After gaining international fame as an Olympian and then as “the pregnant sprinter,” former Canyon High track star Alysia Montaño is running for a new reason — to support HandsOn Santa Clarita for a 5k/10k Holiday Run at Magic Mountain.
The Six Flags theme park in Valencia is hosting the second annual 5k/10k Holiday Run on Dec. 20 at 8 a.m. to support HandsOn Santa Clarita.
HandsOn Santa Clarita directly supports nonprofits throughout the Santa Clarita Valley by networking charitable organizations in the SCV with volunteers.
While on a break from working back to her Olympic-level form, Montaño, 28, of Canyon Country, found out about the event on the Internet and wanted to help out, she said.
“It’s about giving back to Santa Clarita,” said the Class of 2004 Canyon High graduate. “I have to run for work,” she said with a laugh, “and I wanted to do a charity event around the holidays.”
Registration for the event is $45 for the 5k and $55 for the 10k. The proceeds will benefit Hands On Santa Clarita.
[Click here] for the event’s website.
The event is also being supported by Advocare, which is a primary sponsor of the run.
“We’ll have some great drinks out on the course to help keep the runners hydrated,” said Real Andrews, independent distributor for Advocare. “We’ll have the hydration drinks and weight loss products to help people get set up right for the new year.”
The event is the group’s biggest fundraiser, said Seema Shah, executive director for HandsOn Santa Clarita.
“We help connect volunteers with Santa Clarita Valley nonprofits, to help them fill their needs,” she said, “which otherwise wouldn’t be met.”
Catching up with Alysia Montaño
Montaño gained international attention in June after running the 800m at the 2014 USA Outdoor Track and Field Championships in Sacramento, where, as she puts it, she was “pretttttttttty pregnant.”
She was more than eight months along during the run, competing on a national stage in a race she took part in at the London Olympics two years earlier.
She didn’t take the run or her training quite as hard as usual, she said, adding she wasn’t trying to break her own personal best times, but she did train consistently for the event.
She ran the race in Sacramento, she said, for several reasons.
“One is, we’re in 2014, people — I want women to recognize the strength that their own body holds,” she said. “And not only for women, but the whole human race — to realize pregnancy is not an illness, it’s not a disease. And it’s health for a mommy to continue to exercise during a pregnancy. It promotes blood flow and it’s great for the baby.”

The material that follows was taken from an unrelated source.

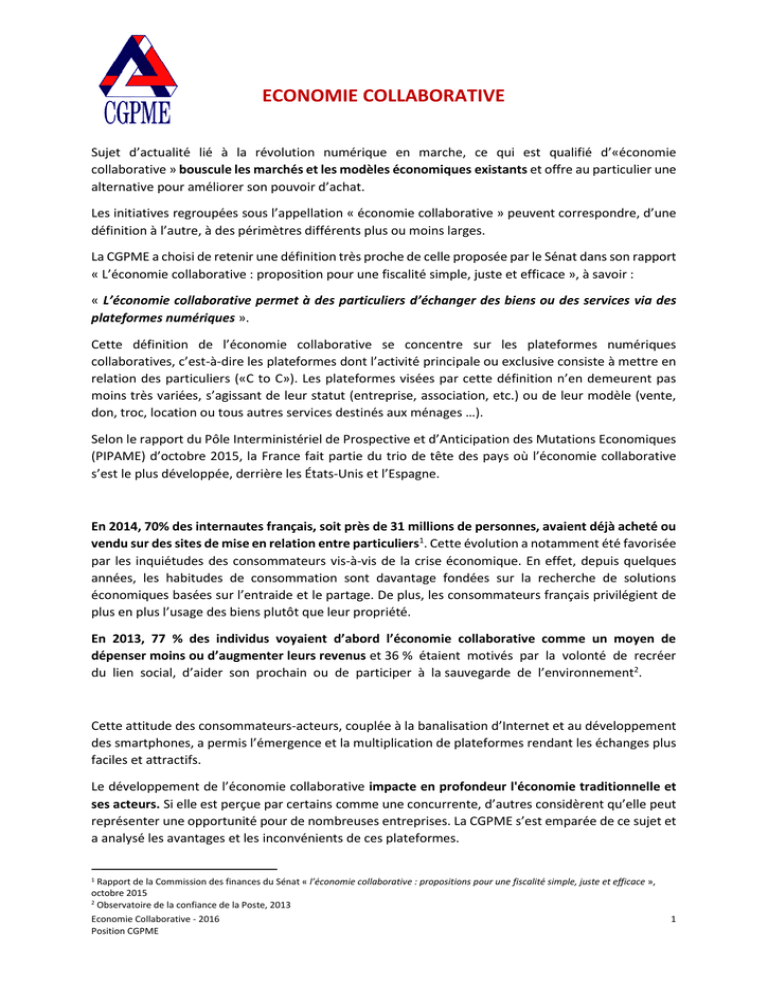 ECONOMIE COLLABORATIVE Sujet d’actualité lié à la révolution numérique en marche, ce qui est qualifié d’«économie collaborative » bouscule les marchés et les modèles économiques existants et offre au particulier une alternative pour améliorer son pouvoir d’achat. Les initiatives regroupées sous l’appellation « économie collaborative » peuvent correspondre, d’une définition à l’autre, à des périmètres différents plus ou moins larges. La CGPME a choisi de retenir une définition très proche de celle proposée par le Sénat dans son rapport « L’économie collaborative : proposition pour une fiscalité simple, juste et efficace », à savoir : « L’économie collaborative permet à des particuliers d’échanger des biens ou des services via des plateformes numériques ». Cette définition de l’économie collaborative se concentre sur les plateformes numériques collaboratives, c’est-à-dire les plateformes dont l’activité principale ou exclusive consiste à mettre en relation des particuliers («C to C»). Les plateformes visées par cette définition n’en demeurent pas moins très variées, s’agissant de leur statut (entreprise, association, etc.) ou de leur modèle (vente, don, troc, location ou tous autres services destinés aux ménages …). Selon le rapport du Pôle Interministériel de Prospective et d’Anticipation des Mutations Economiques (PIPAME) d’octobre 2015, la France fait partie du trio de tête des pays où l’économie collaborative s’est le plus développée, derrière les États-Unis et l’Espagne. En 2014, 70% des internautes français, soit près de 31 millions de personnes, avaient déjà acheté ou vendu sur des sites de mise en relation entre particuliers1. Cette évolution a notamment été favorisée par les inquiétudes des consommateurs vis-à-vis de la crise économique. En effet, depuis quelques années, les habitudes de consommation sont davantage fondées sur la recherche de solutions économiques basées sur l’entraide et le partage. De plus, les consommateurs français privilégient de plus en plus l’usage des biens plutôt que leur propriété. En 2013, 77 % des individus voyaient d’abord l’économie collaborative comme un moyen de dépenser moins ou d’augmenter leurs revenus et 36 % étaient motivés par la volonté de recréer du lien social, d’aider son prochain ou de participer à la sauvegarde de l’environnement2. Cette attitude des consommateurs-acteurs, couplée à la banalisation d’Internet et au développement des smartphones, a permis l’émergence et la multiplication de plateformes rendant les échanges plus faciles et attractifs. Le développement de l’économie collaborative impacte en profondeur l'économie traditionnelle et ses acteurs. Si elle est perçue par certains comme une concurrente, d’autres considèrent qu’elle peut représenter une opportunité pour de nombreuses entreprises. La CGPME s’est emparée de ce sujet et a analysé les avantages et les inconvénients de ces plateformes. 1 Rapport de la Commission des finances du Sénat « l’économie collaborative : propositions pour une fiscalité simple, juste et efficace », octobre 2015 2 Observatoire de la confiance de la Poste, 2013 Economie Collaborative - 2016 Position CGPME 1 Avantages – Inconvénients – Plateformes C to C AVANTAGES Solution économique Prix (visibilité) Accroissement concurrence Amélioration service Niveau de service Accessibilité / rapidité Sécurisation paiement Géolocalisation / Service de proximité Convivialité Consommateurs Prestataires (utilisateurs et particuliers offreurs) Complément revenu Sécurisation paiement Entreprises Etat Economie Collaborative - 2016 Position CGPME Sécurité des prestations / produits / Respect des qualifications, de la réglementation et des normes Impact du risque de monopole sur le coût subjectivité de l’information transmise par les particuliers offreurs Manque d’information sur l’utilisation des données et le suivi des habitudes de consommation par la plateforme Localisation de la plateforme Transfert des risques / responsabilité Risque relatif à la propriété intellectuelle Transfert d’activité vers les plateformes C to C (risque de destruction d’emploi) Concurrence déloyale à l’égard des entreprises du même secteur dont l’activité est règlementée Risque à terme de pression fiscale et sociale accrue en cas de réduction du nombre d’entreprises imposables Capacité d’adaptation des entreprises Déperdition fiscale/cotisations sociales Difficulté à déterminer frontière entre activité professionnelle et non professionnelle Difficulté à évaluer les facteurs d’équité fiscale Transparence/ visibilité Site d’opinion / notation / qualité INCONVENIENTS Remise en question Montée en gamme / Formation / Compétences Booster l’innovation / Nouvelles technologies / Transition numérique Moyen d’accélération de la transition numérique Possibilité d’obtenir les données des plateformes pour réaliser des statistiques par le biais de l’INSEE 2 Les problématiques des plateformes C to C : ▪ Difficulté à déterminer la frontière entre activité professionnelle et non professionnelle Concernant les plateformes C to C, le véritable enjeu concerne les « faux particuliers » qui sont des personnes qui réalisent un revenu important et régulier en concurrence directe avec des professionnels. Ex : Airbnb qui permet à des particuliers de louer leur bien immobilier ; Les critères pertinents permettant de déterminer le basculement vers le statut de professionnel sont fondamentaux. A cet égard, une Recommandation du Forum des Droits sur l’Internet (« FDI ») du 8 novembre 2005 identifiait des faisceaux d’indices permettant de déterminer le statut exact de l’offreur, à partir des critères suivants : la régularité de l’activité (« activité fréquente et réguliè

Montaño’s goals now include returning to the form that earned her a spot in the 2012 Summer Olympics for the 800m for the U.S. National Team, the World Championships next year and a trip to Rio De Janeiro Olympics so she can represent the United States again in 2016.
Montaño is also a five-time U.S. national champion in the 800m event, and wants to defend her crown, as well as extend her reign as “defending pregnant champion,” she joked.
Getting back on track
Montaño and her husband, manager and fellow Canyon High classmate, Louis Montaño, have already figured out a routine that allows Montaño to train and, more importantly, spend plenty of time with their now-17-week-old daughter, Linnéa, she said.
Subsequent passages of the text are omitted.